After analyzing the results from using a bi-encoder, cross-encoder and bi + cross encoder model, I noticed that the best results were obtained by using the bi and the bi + cross encoder. Although, I was not satisfied with the results so I decided to attack the challenge with a new approach. I will change the weight for all the features except the description and I also changed the pretrained models used for embedding and cross-encoder to a DeBERTa-v3 based model who has a much higher performance in these types of situations than the ones used before.

**Weight change for features**

In [9]:
def create_text_about_company(row):
    business_tags_processed = ""
    if (pd.notna(row['business_tags'])):
        business_tags_processed = row['business_tags'].replace("['", "").replace("']", "").replace("'", "")

    description = row['description'] if pd.notna(row['description']) else ""

    business_tags = business_tags_processed if pd.notna(business_tags_processed) else ""

    sector = row['sector'] if pd.notna(row['sector']) else ""

    category = row['category'] if pd.notna(row['category']) else ""

    niche = row['niche'] if pd.notna(row['niche']) else ""

    text = f"{description} Services: {business_tags}. Industry: {sector} - {category} - {niche}"

    return text

**Using DeBERTa-V3 model for embedding**

In [7]:
from transformers import AutoTokenizer, AutoModel
import torch

tokenizer = AutoTokenizer.from_pretrained("microsoft/deberta-v3-base")
model = AutoModel.from_pretrained("microsoft/deberta-v3-base")
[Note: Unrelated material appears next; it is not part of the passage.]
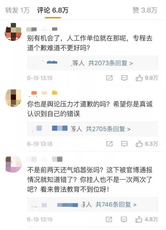 在她的道歉信下,点赞最高的前三条评论是这样的。

def deberta_embeddings(text, tokenizer, model):
  inputs = tokenizer(text, return_tensors="pt", padding=True, truncation=True, max_length=512)
  with torch.no_grad():
    output = model(**inputs)

  hidden_states = output.last_hidden_state

  mask = inputs['attention_mask'].unsqueeze(-1).float()

  sum_embeddings = torch.sum(hidden_states * mask, dim=1)

  sum_mask = torch.max(torch.sum(mask, dim=1), torch.tensor(1e-9))

  mean_embeddings = sum_embeddings / sum_mask

  return mean_embeddings

The secret `HF_TOKEN` does not exist in your Colab secrets.
To authenticate with the Hugging Face Hub, create a token in your settings tab (https://huggingface.co/settings/tokens), set it as secret in your Google Colab and restart your session.
You will be able to reuse this secret in all of your notebooks.
Please note that authentication is recommended but still optional to access public models or datasets.


tokenizer_config.json:   0%|          | 0.00/52.0 [00:00<?, ?B/s]

config.json:   0%|          | 0.00/579 [00:00<?, ?B/s]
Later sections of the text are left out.